TASK TO COMPLETE: In your copy of the data, keep every word exact and include no pictures.
____ DATA SEGMENT
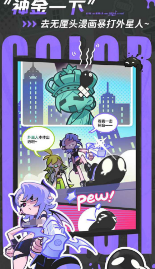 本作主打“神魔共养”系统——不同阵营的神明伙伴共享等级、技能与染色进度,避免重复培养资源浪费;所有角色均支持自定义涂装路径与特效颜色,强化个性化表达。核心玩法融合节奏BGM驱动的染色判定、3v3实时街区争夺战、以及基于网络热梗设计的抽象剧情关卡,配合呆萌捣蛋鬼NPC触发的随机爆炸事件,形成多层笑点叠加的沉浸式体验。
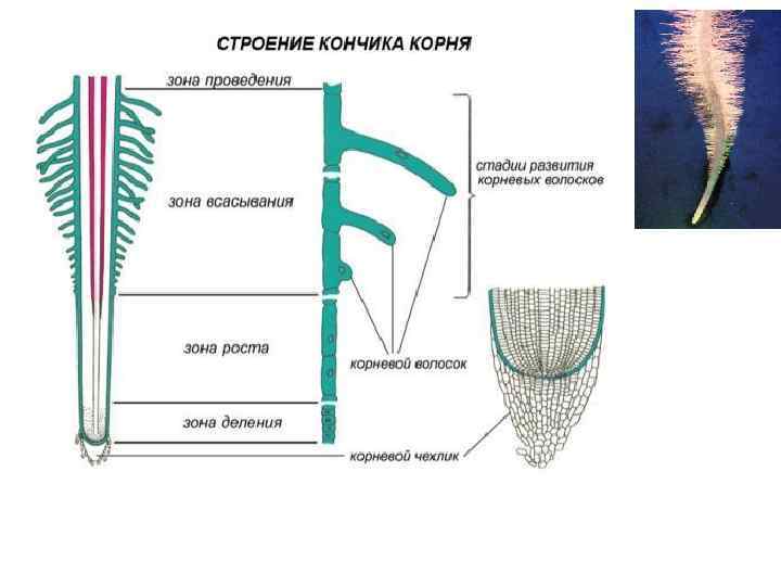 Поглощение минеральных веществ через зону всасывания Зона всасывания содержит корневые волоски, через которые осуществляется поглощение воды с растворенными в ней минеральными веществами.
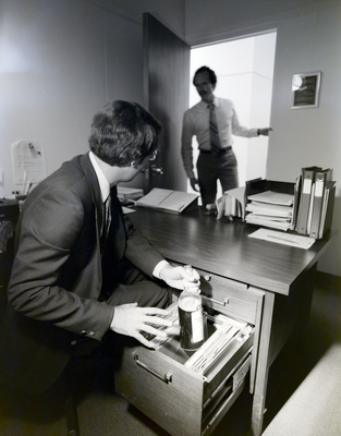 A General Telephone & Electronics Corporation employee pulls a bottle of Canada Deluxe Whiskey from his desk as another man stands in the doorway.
________
EXERCISE SOLUTION:
 本作主打“神魔共养”系统——不同阵营的神明伙伴共享等级、技能与染色进度,避免重复培养资源浪费;所有角色均支持自定义涂装路径与特效颜色,强化个性化表达。核心玩法融合节奏BGM驱动的染色判定、3v3实时街区争夺战、以及基于网络热梗设计的抽象剧情关卡,配合呆萌捣蛋鬼NPC触发的随机爆炸事件,形成多层笑点叠加的沉浸式体验。
 Поглощение минеральных веществ через зону всасывания Зона всасывания содержит корневые волоски, через которые осуществляется поглощение воды с растворенными в ней минеральными веществами.
 A General Telephone & Electronics Corporation employee pulls a bottle of Canada Deluxe Whiskey from his desk as another man stands in the doorway.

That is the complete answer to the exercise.